Старуха с достоинством извлекла из кармана серебряную табакерку.
— Нет, нет, уж я-то хорошо знаю, чего можно ожидать от каждой из вас, девушек!
— Ах, что ты понимаешь в жизни, мама! Разреши мне судить. Разве я не пробыла там два года?
— Конечно! — раздраженно ответила мать. — Ну, честно говоря, за тебя я никогда не могла поручиться, хотя с тобой все и обошлось благополучно.
— Поручиться за меня?
— Ты великолепно знаешь, что я имею в виду. Но вот в Раннвейг я верю, на нее можно во всем положиться. Она унаследовала нрав своей покойной бабки и все хорошие черты характера отцовского рода.
— Почему же она не пишет? Я все время писала. Мать взяла понюшку табаку, прищурила глаз и процедила:
— Дело в том, что ты сумела все устроить…
— Что я сумела, мама?
— Ты ведь не пожелала снять с себя датское платье до тех пор, пока не родила маленькую Гвюдлойг.
— Вот этого я никогда не ожидала от тебя, мама.

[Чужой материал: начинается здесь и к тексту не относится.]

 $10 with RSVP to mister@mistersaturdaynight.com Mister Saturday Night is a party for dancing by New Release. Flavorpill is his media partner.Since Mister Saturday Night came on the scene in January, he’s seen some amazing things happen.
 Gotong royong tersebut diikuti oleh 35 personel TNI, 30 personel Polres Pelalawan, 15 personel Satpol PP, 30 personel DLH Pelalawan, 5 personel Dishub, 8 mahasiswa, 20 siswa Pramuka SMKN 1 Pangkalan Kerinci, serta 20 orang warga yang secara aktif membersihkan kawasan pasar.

— Не стану скрывать, я не чувствовала уверенности в тебе, пока ты ходила в датском платье. Но мне совершенно безразлично, какого фасона платье носит Раннвейг: свободное или в талию. Я знаю, что с ее характером не попадешь в беду.
— Разреши мне только заметить, мама, что в тихом омуте черти водятся.

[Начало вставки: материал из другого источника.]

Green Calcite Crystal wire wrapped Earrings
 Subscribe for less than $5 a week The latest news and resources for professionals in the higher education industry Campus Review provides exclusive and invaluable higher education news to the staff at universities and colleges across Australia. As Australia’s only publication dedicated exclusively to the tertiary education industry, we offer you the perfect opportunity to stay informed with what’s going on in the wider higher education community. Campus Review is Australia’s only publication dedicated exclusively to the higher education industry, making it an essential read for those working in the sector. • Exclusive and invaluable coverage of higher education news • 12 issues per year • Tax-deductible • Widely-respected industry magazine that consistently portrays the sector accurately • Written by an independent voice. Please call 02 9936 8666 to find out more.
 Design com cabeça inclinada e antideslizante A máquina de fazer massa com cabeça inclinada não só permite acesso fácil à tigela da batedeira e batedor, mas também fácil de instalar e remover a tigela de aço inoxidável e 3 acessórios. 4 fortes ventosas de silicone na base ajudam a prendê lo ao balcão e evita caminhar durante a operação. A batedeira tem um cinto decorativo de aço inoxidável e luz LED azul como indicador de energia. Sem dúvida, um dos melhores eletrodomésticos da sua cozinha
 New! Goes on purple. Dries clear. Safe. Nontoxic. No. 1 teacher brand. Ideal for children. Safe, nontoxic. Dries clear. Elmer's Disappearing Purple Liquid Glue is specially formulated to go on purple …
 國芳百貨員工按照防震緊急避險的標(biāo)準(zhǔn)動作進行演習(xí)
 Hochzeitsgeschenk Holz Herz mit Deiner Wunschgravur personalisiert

— Скажи мне лучше, как это вы не могли найти подходящего парня для девушки, раз уж взялись за дело? Сейчас, вдали от дома, она могла бы хоть тосковать о ком-нибудь. А кого вы приглашали сюда в прошлом и позапрошлом году? Сплошное дурачье! Вспомни письма того молокососа, который утверждал, что будет пастором. Разве такие парни в годы моей молодости метили на место пастора? Писать такие письма молодой девушке! Да они скорее были похожи на проповеди! Подумать только, такое ничтожество собирается стать пастором! Возможно ли это, я тебя спрашиваю? Впрочем, Раннвейг даже не стала отвечать на них.

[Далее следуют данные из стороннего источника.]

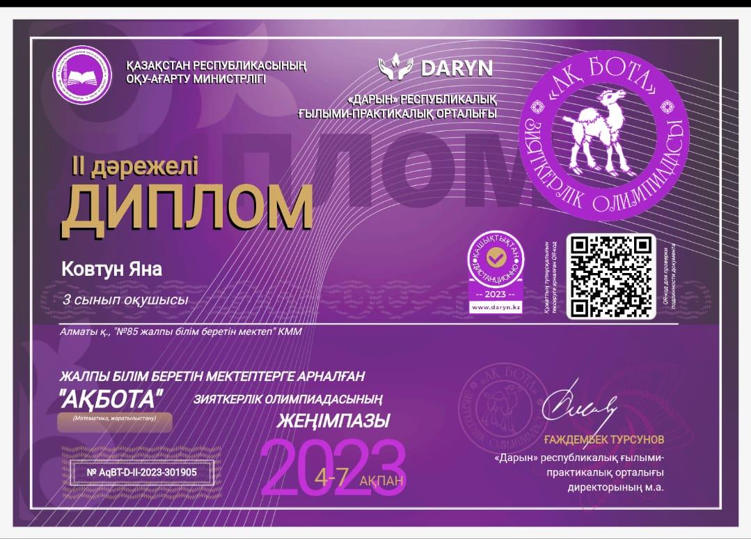 08 февраль 2023 0 1 2 3 4 5 Оқушылар жетістіктері "Ақ бота" олимпиадасының жүлдегерлері, 3 "Г" сынып Призеры олимпиады "Ақ бота", 3 "Г" класс
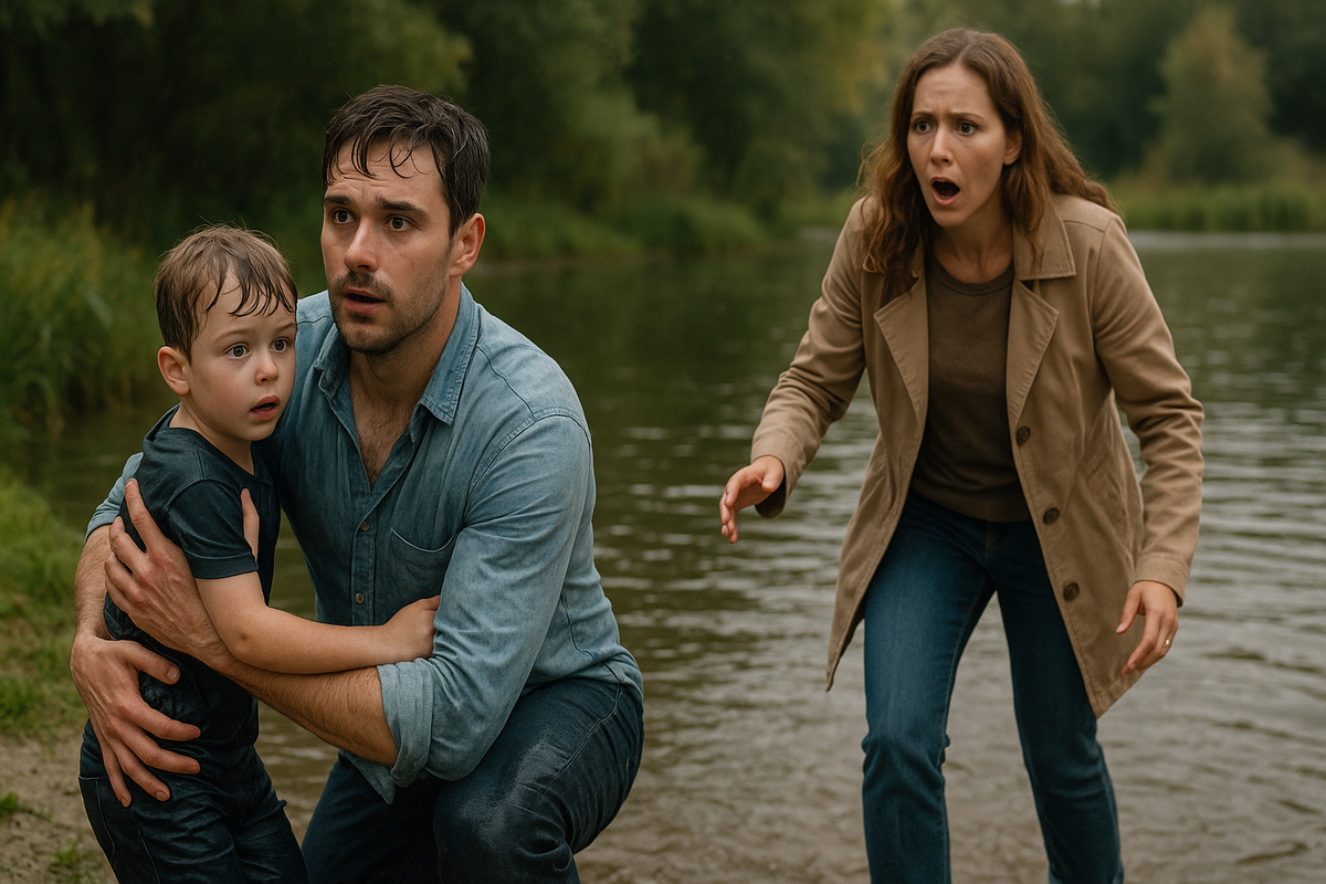 У детской площадки раздался крик. Женщина звала на помощь. Михаил резко отвернул руль и остановился, увидев в пруду маленького мальчика, который захлебывался, пытаясь выбраться.
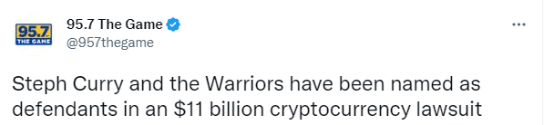 来源:JRS直播网11-17 16:50JRS直播网讯11月17日,勇士队和库里都因FTX破产事件而惹上官司,因欺诈性行为在FTX(加密货币平台)破产引发的集体诉讼中被告上法庭,湖人名宿奥尼尔、NFL巨星汤姆-布雷迪也卷入其中,他们都曾代言宣传FTX。
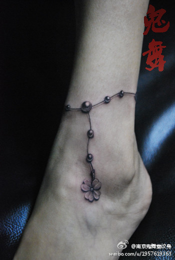 女生脚腕时尚小巧的四叶草脚链纹身图案
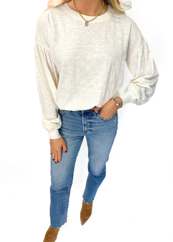 WIDE SHIRRED SLV DROP SHOULDER PULLOVER - PARCHMENT
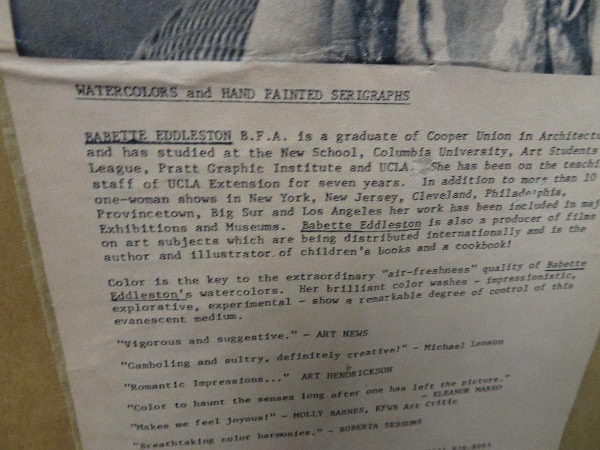 PENCIL SIGNED AND NUMBERED SERIGRAPH BY BABETTE EDDLESTON
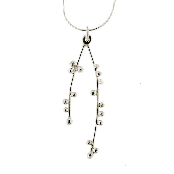 Handmade Sterling silver "branches" with bud-like fused spheres, on a Sterling silver snake chain. Each pendant is composed of a fused twin-branched "wishbone".
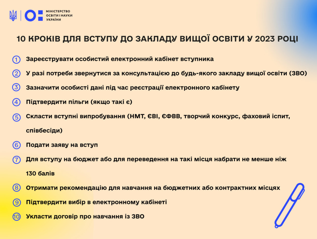 Попри воєнний стан в Україні триває активна підготовка до вступної кампанії у 2023 році. Зокрема, зареєстровано Порядки прийому на навчання для здобуття фахової передвищої та вищої освіти, демонстраційні варіанти тестів уже із семи предметів НМТ доступні на сайті УЦОЯО, а реєстрація для участі у тестуванні розпочнеться 3 квітня. Для допомоги вступникам МОН підготувало головні кроки, які допоможуть стати студентом у 2023 році:

— Ну, знаешь, мама, если Вейге не подходил будущий пастор, кого же ей тогда нужно? Теперь дочери состоятельных людей не могут выбирать женихов, как товар на ярмарке. Сама понимаешь, богатые женихи из Рейкьявика не так уж жаждут вступить в брак с девушкой из провинции. Купцы и чиновники в Рейкьявике предпочитают родниться между собой. А что было бы со мной, если бы не Трифоли? Трудно себе даже представить. Возможно, самой пришлось бы зарабатывать на жизнь.
Этот долгий спор закончился тем, что обо женщины сообща написали Раннвейг строгое, внушительное письмо, приказав ей подробнейшим образом рассказать о себе и других. Они велели ей писать вечерами письма, чтобы у них был самый точный отчет о каждом дне.
Шло время. До конца ноября почта в город не поступала. Сейчас ее ждали сухопутным путем, потому что навигация прекратилась до марта. Наконец, почта из Рейкьявика пришла. Но, не считая нескольких деловых пакетов в адрес Трифоли и каталога Северной торговой компании для пробста, из Копенгагена не было никаких писем. Ни единой строчки, ни единого слова от Раннвейг.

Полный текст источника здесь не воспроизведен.